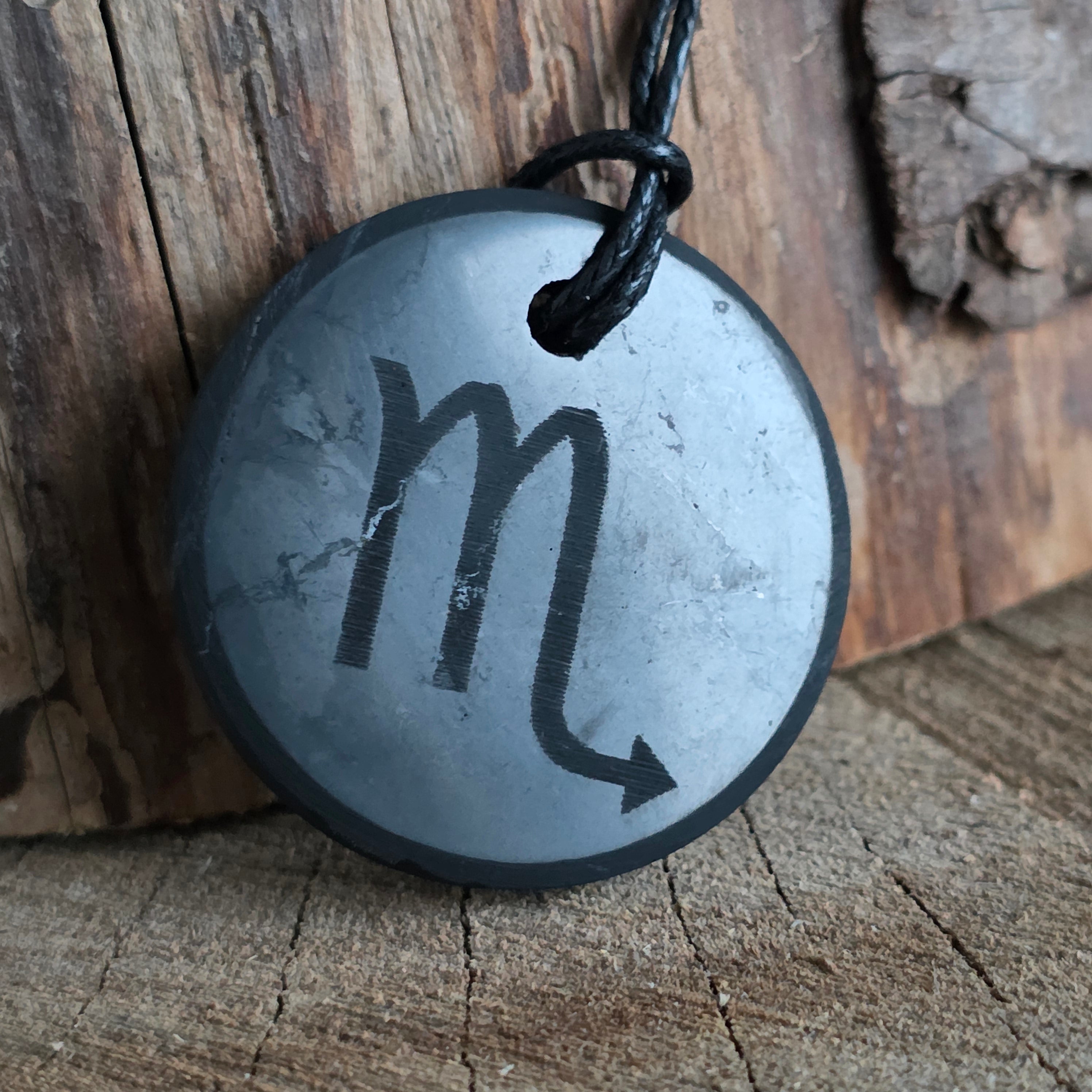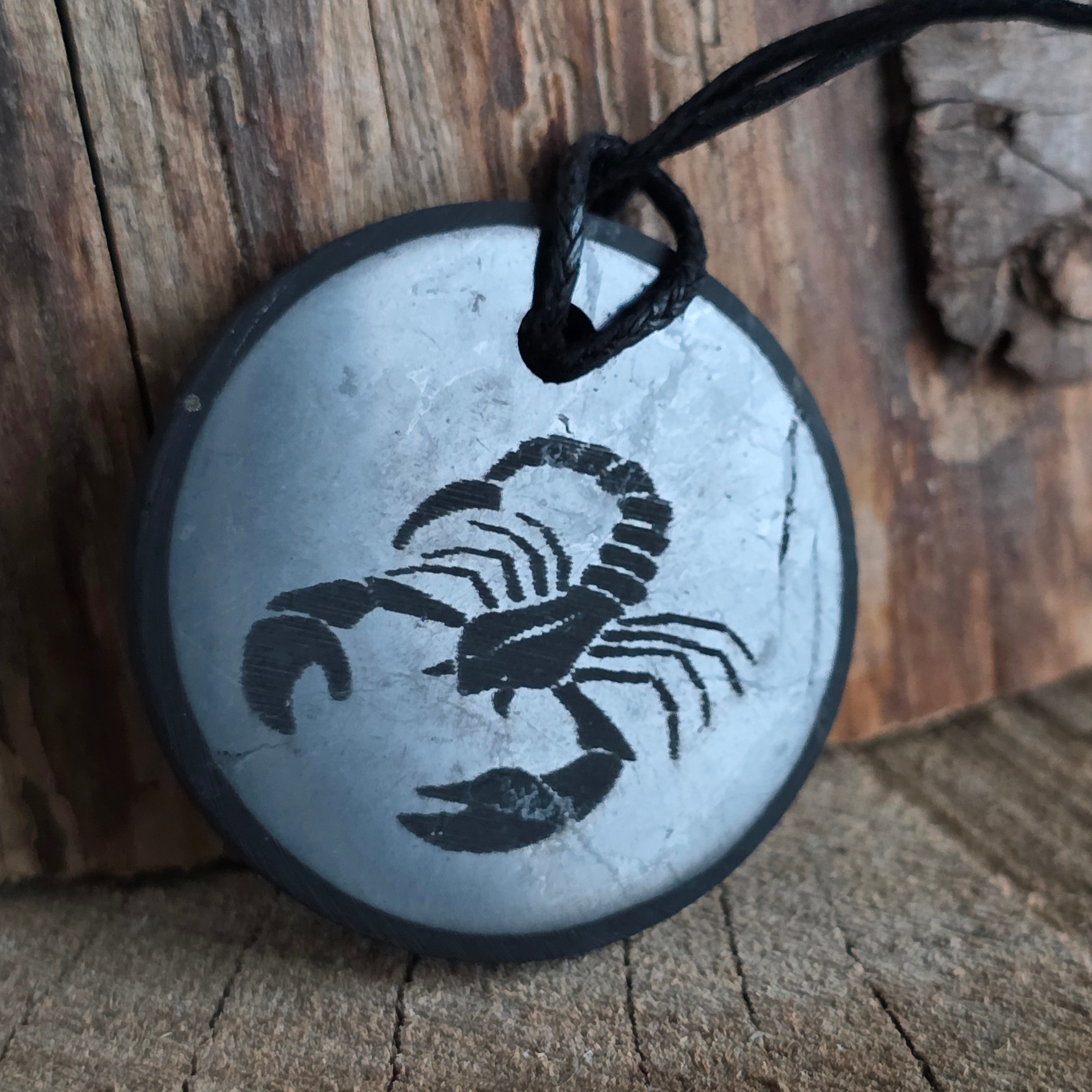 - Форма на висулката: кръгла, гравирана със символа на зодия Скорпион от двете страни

--

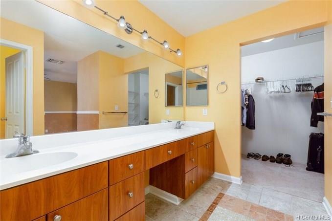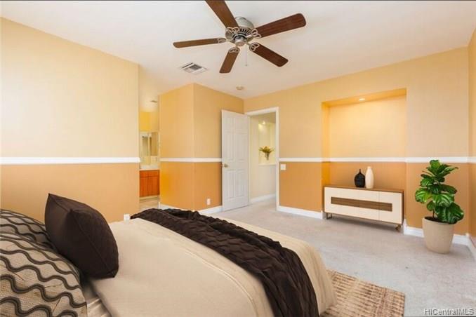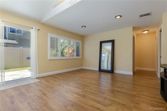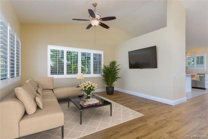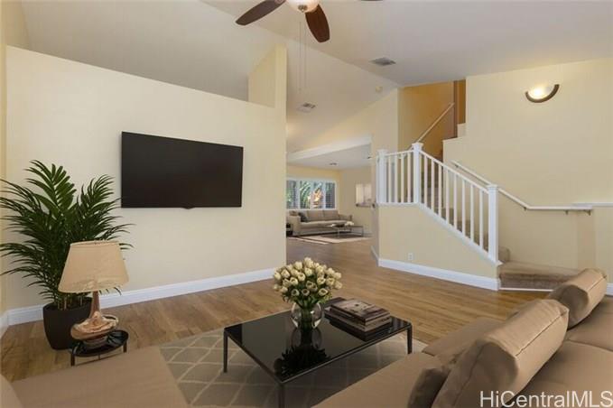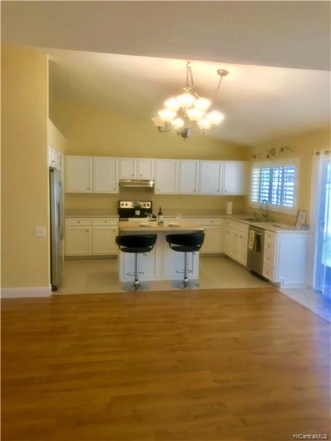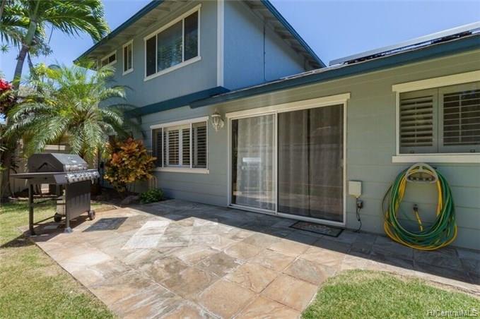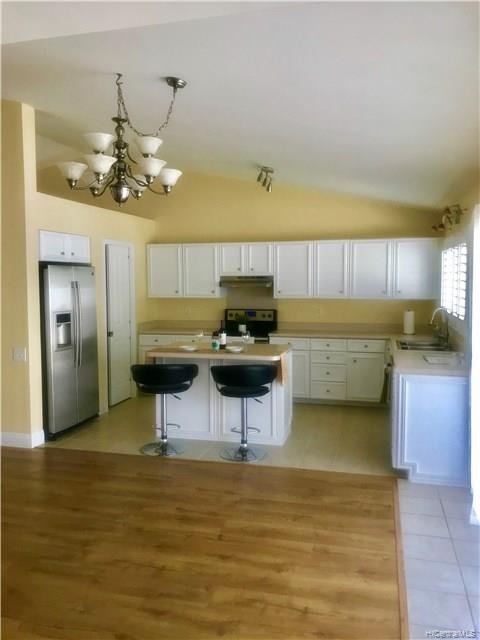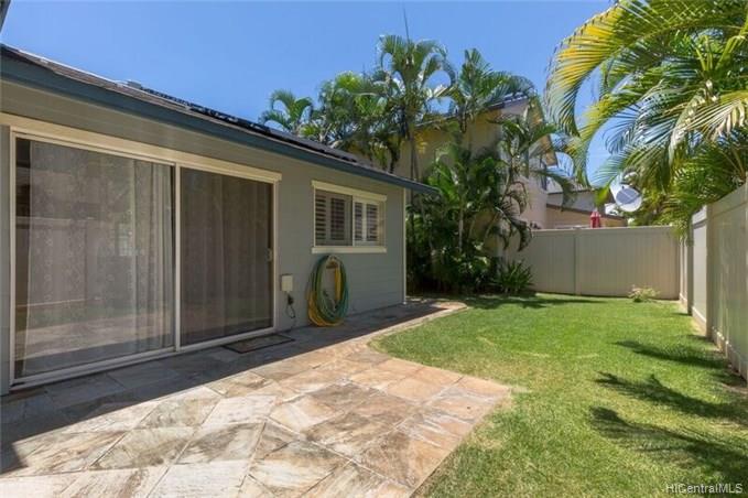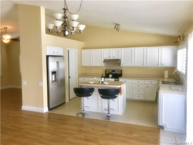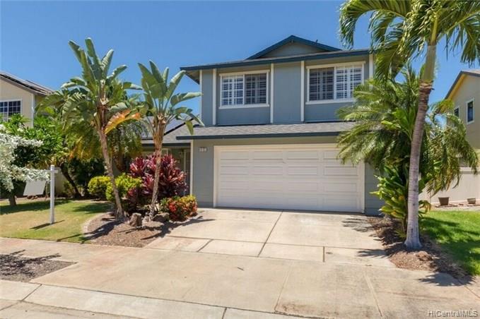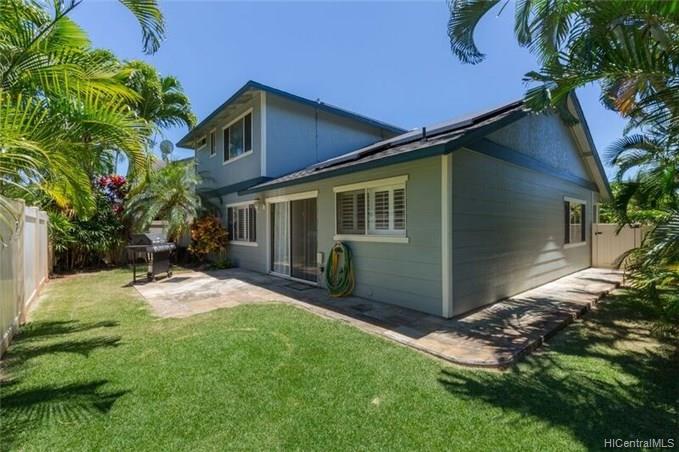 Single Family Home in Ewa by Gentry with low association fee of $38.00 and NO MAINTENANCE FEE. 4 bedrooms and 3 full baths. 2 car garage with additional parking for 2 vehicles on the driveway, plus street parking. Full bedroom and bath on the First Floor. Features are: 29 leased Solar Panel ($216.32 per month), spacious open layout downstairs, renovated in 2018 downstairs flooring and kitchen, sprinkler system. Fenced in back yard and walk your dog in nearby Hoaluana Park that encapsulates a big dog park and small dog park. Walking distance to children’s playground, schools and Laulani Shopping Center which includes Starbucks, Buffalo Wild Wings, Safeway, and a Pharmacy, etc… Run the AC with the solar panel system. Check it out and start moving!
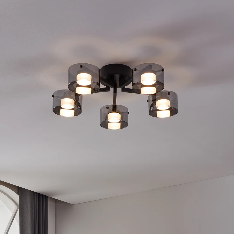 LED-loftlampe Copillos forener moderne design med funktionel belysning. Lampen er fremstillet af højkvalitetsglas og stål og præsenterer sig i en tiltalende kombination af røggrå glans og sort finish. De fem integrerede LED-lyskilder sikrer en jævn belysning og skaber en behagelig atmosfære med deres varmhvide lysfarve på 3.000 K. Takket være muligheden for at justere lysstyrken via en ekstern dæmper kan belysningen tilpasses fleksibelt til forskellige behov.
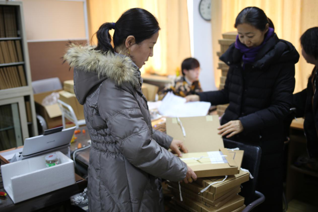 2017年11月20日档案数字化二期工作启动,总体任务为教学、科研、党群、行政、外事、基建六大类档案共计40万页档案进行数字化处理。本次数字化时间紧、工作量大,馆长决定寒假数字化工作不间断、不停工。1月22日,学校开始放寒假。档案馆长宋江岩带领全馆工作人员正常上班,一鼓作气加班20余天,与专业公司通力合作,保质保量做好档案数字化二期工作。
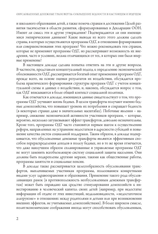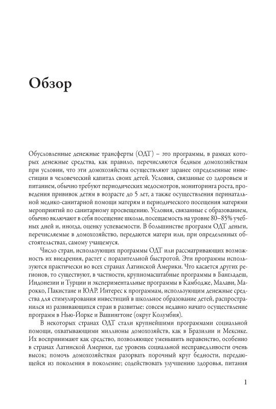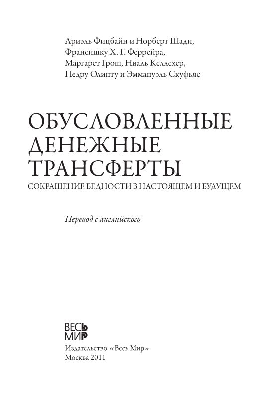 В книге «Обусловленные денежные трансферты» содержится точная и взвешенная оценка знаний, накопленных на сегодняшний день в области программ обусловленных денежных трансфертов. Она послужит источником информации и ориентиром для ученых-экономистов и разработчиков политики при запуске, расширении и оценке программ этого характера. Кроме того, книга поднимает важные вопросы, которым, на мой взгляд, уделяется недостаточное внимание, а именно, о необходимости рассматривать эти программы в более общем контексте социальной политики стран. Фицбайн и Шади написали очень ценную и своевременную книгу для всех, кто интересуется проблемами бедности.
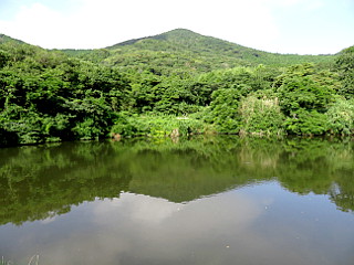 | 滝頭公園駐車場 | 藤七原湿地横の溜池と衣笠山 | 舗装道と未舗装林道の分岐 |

WHAT IS NEEDED: Of the lines above, copy only those from the one holding "LED-loftlampe Copillos forener" to the one holding "2017年11月20日档案数", both included, and exclude every image.

ANSWER BOX:
 LED-loftlampe Copillos forener moderne design med funktionel belysning. Lampen er fremstillet af højkvalitetsglas og stål og præsenterer sig i en tiltalende kombination af røggrå glans og sort finish. De fem integrerede LED-lyskilder sikrer en jævn belysning og skaber en behagelig atmosfære med deres varmhvide lysfarve på 3.000 K. Takket være muligheden for at justere lysstyrken via en ekstern dæmper kan belysningen tilpasses fleksibelt til forskellige behov.
 2017年11月20日档案数字化二期工作启动,总体任务为教学、科研、党群、行政、外事、基建六大类档案共计40万页档案进行数字化处理。本次数字化时间紧、工作量大,馆长决定寒假数字化工作不间断、不停工。1月22日,学校开始放寒假。档案馆长宋江岩带领全馆工作人员正常上班,一鼓作气加班20余天,与专业公司通力合作,保质保量做好档案数字化二期工作。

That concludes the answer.